Keywords: sports branding, racing graphics, gaming ui, tech posters, headlines, futuristic, sporty, technical, dynamic, aggressive, speed, impact, sci-fi feel, brand distinctiveness, display clarity, oblique, squared, rounded corners, compressed terminals, angular joins.
A slanted sans with squared, superellipse-like counters and rounded-rectangle curves throughout. Strokes are sturdy and largely monoline, with crisp, chamfered corners and short wedge-like terminals that give many letters a forward-cut profile. Curves are built from flattened arcs rather than perfect circles, producing a boxy-yet-soft geometry in C/G/O/Q and the numerals. The overall rhythm is compact and energetic, with consistent slant and tight internal shaping that emphasizes speed and mechanical precision.
Well-suited to sports and motorsport identity work, gaming and streaming overlays, tech-forward posters, and bold headline treatments where motion and impact are desired. It can also work for short UI labels or packaging callouts when set with ample size and spacing to preserve clarity.
The design reads as fast, engineered, and performance-oriented, blending retro digital cues with a modern racing sensibility. Its sharp cuts and forward lean create urgency and motion, while the rounded-rectangle construction keeps the tone controlled and technical rather than playful.
The font appears intended to deliver a high-impact, speed-driven voice using a consistent rounded-rectangle geometry and oblique stance. Its letterforms prioritize distinctive silhouette and forward momentum, aiming for branding and display contexts where a technical, performance aesthetic is central.

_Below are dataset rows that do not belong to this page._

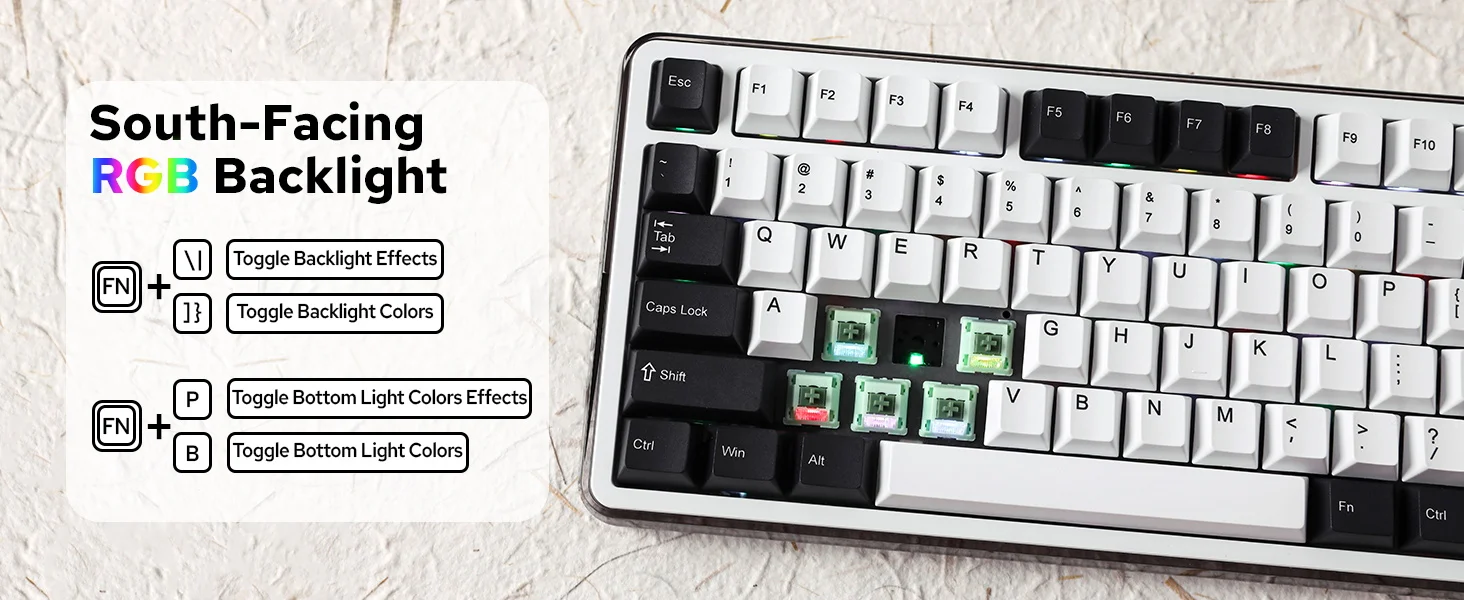 The Breeze 75 offers extensive customization with 22 RGB and 6 backlight effects, allowing users to personalize their setup to match their aesthetic preferences or ambient lighting conditions.
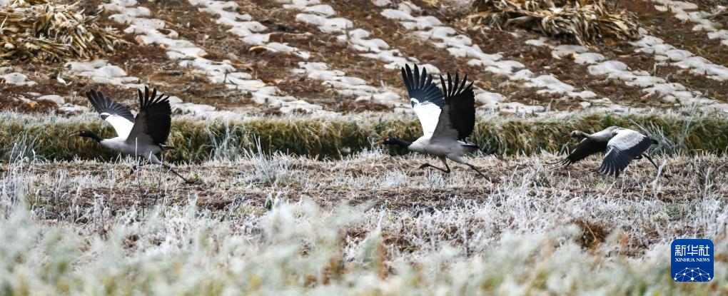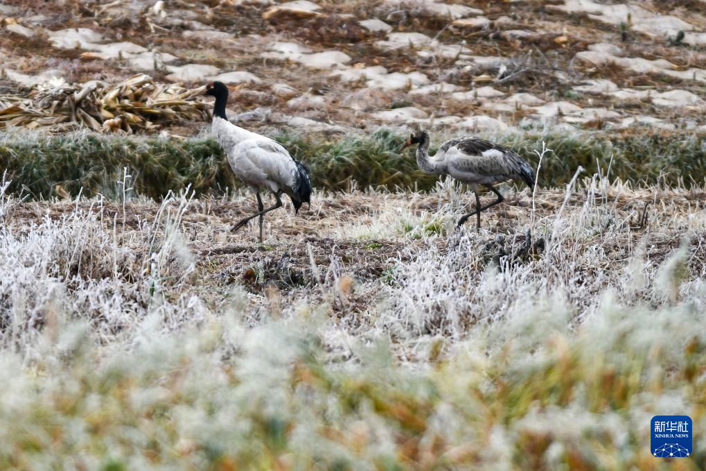 在会泽黑颈鹤国家级自然保护区拍摄的黑颈鹤(12月14日摄)。新华社记者 王静颐 摄
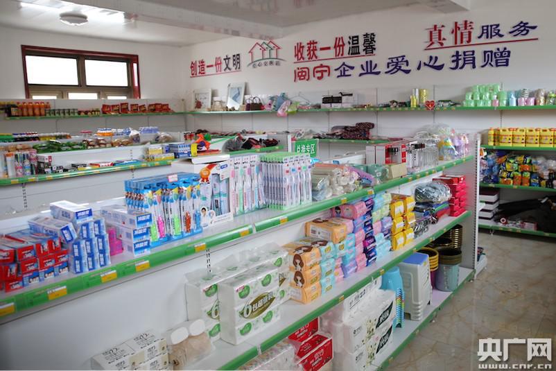 在愛心公益超市,貨架上整齊地擺放著食品及一些生活日用品,而與普通超市不一樣的是這里的部分商品村民可以憑積分免費兌換,商品由福建及當(dāng)?shù)貝坌娜耸烤栀,未來還將引入市場機制,由運營者市場化管理,自負盈虧,政府補貼兌換短缺部分。
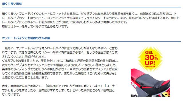 PLOT /EFFEX GEL-ZAB D /EHZ2837(オフロード車用)バイク用 クッション ゲルザブD オフロードバイク用にスリム&ロングな形状 ゲル量も30%アップ!
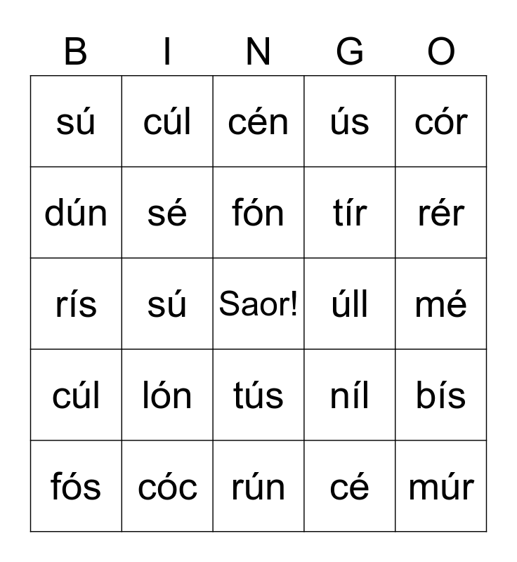 This bingo card has a free space and 24 words: lón, cóc, fón, fós, cór, sú, dún, cúl, úll, tús, tír, rís, níl, bís, sé, cé, mé, cén, rér, sú, múr, cúl, ús and rún.
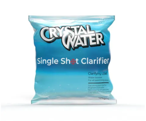 Crystal Water Single Shot Clarifier removes fine particles that cannot be caught by filtration alone and clarifies dull water. This clarifier block is shaped like a hockey puck and you can put it in your skimmer basket (or a floating dispenser). it is a fast acting pool clarifier that clears dull or cloudy water.

Capitals show a strong display presence with distinctive, squared bowls (notably in B, D, P, R) and a stylized G and Q that reinforce the geometric system. Lowercase maintains the same construction, with single-storey forms and compact apertures that can feel dense at smaller sizes but look striking at headline scale. Numerals follow the same boxy curvature and angled terminals for a cohesive set.